At the same time, Senator Hobbs unveiled his Forward Washington Transportation Pan during a Senate Transportation Committee hearing, which relies partly on carbon pollution funding. The plan, similar to last year’s, is a package of transportation bills that would price carbon pollution and invest revenue in roads and bridges.
“Senator Hobbs and I are working closely together,” Carlyle said. “We need transportation infrastructure, yes, but we need it done in a way that reflects environmental responsibility. It’s important that the use of proceeds from carbon pricing pays for high-value, high-impact investment in clean energy and transportation.”

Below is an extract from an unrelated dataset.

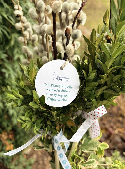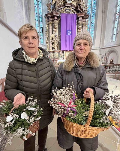 Mit viel Engagement haben Frau Kaiblinger und Frau Harm auch heuer wieder Palmbuschen für jene vorbereitet, die nicht in die Kirche kommen konnten – ein wertvolles Zeichen gelebter Gemeinschaft.

Jessie Martin, the Executive Director of Carbon Washington, said in an interview with Climate XChange last week that the organization is supporting cap-and-invest and a number of other climate-related bills.
“The stage is being set for some really productive collaboration and innovation,” Martin said. “To see energy around so many different initiatives is very exciting.”

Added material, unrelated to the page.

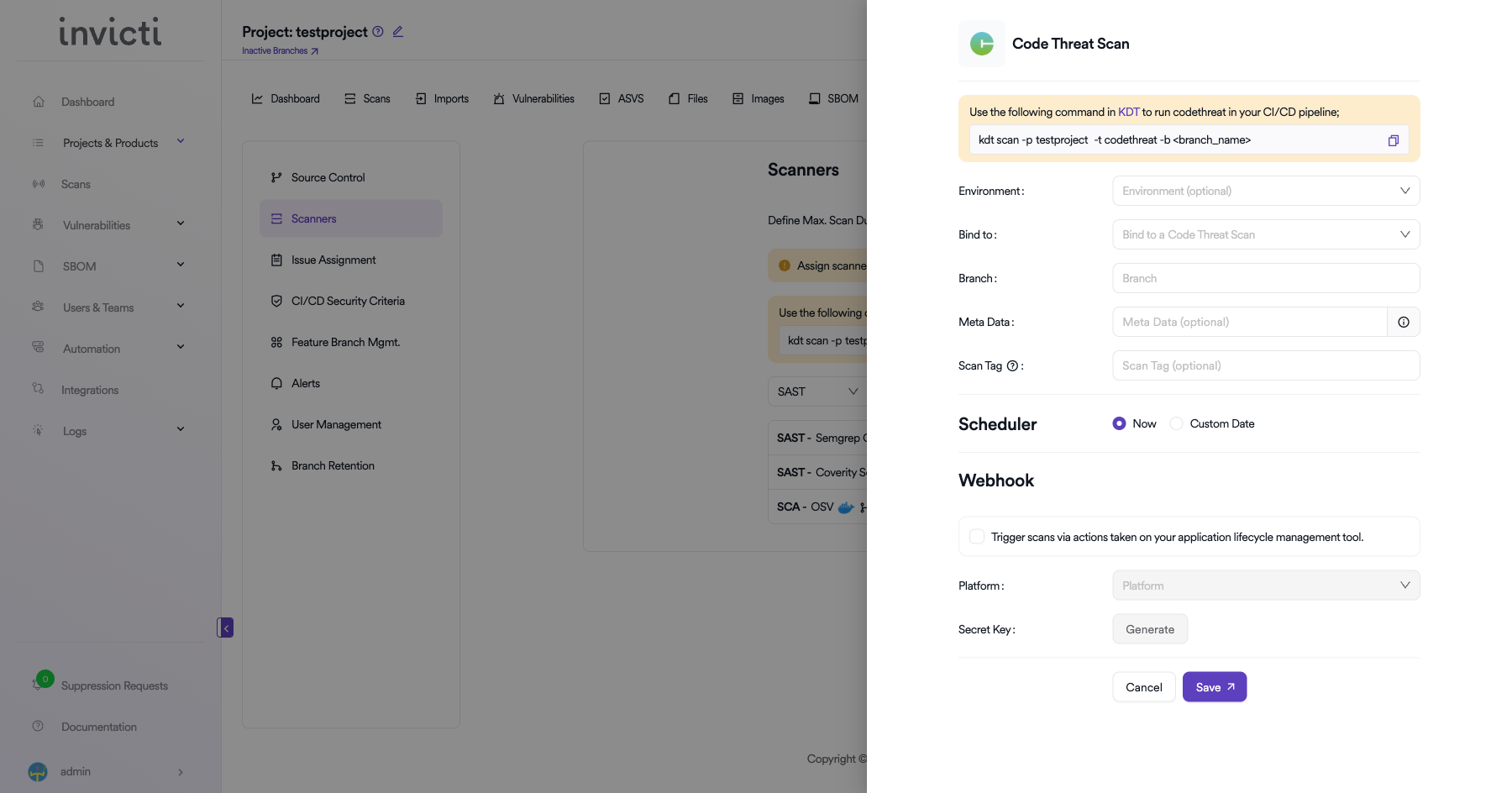 After activating and configuring Code Threat, you can create scans from your project's scanner settings.

Carlyle said he senses a shift in the way people on both sides of the political spectrum perceive the climate crisis and the need to price pollution.
“There is an emerging and deep-seated recognition from both conservatives and progressives that the failure of the gas and oil industry to price the negative externalities of carbon is having a profoundly negative effect on all of us,” Carlyle said.
Washington State is certainly not alone in its push for carbon pricing; 16 states introduced carbon pricing legislation last year, and several more are expected to this session. At the federal level, ten carbon pricing bills have been introduced this session.
“Ultimately, a meaningful price on carbon is inevitable in this country,” Carlyle said. “How that unfolds — which states, in which order, and how we use those dollars to invest in the next generation of clean energy — is front and center in the political wave that is coming.”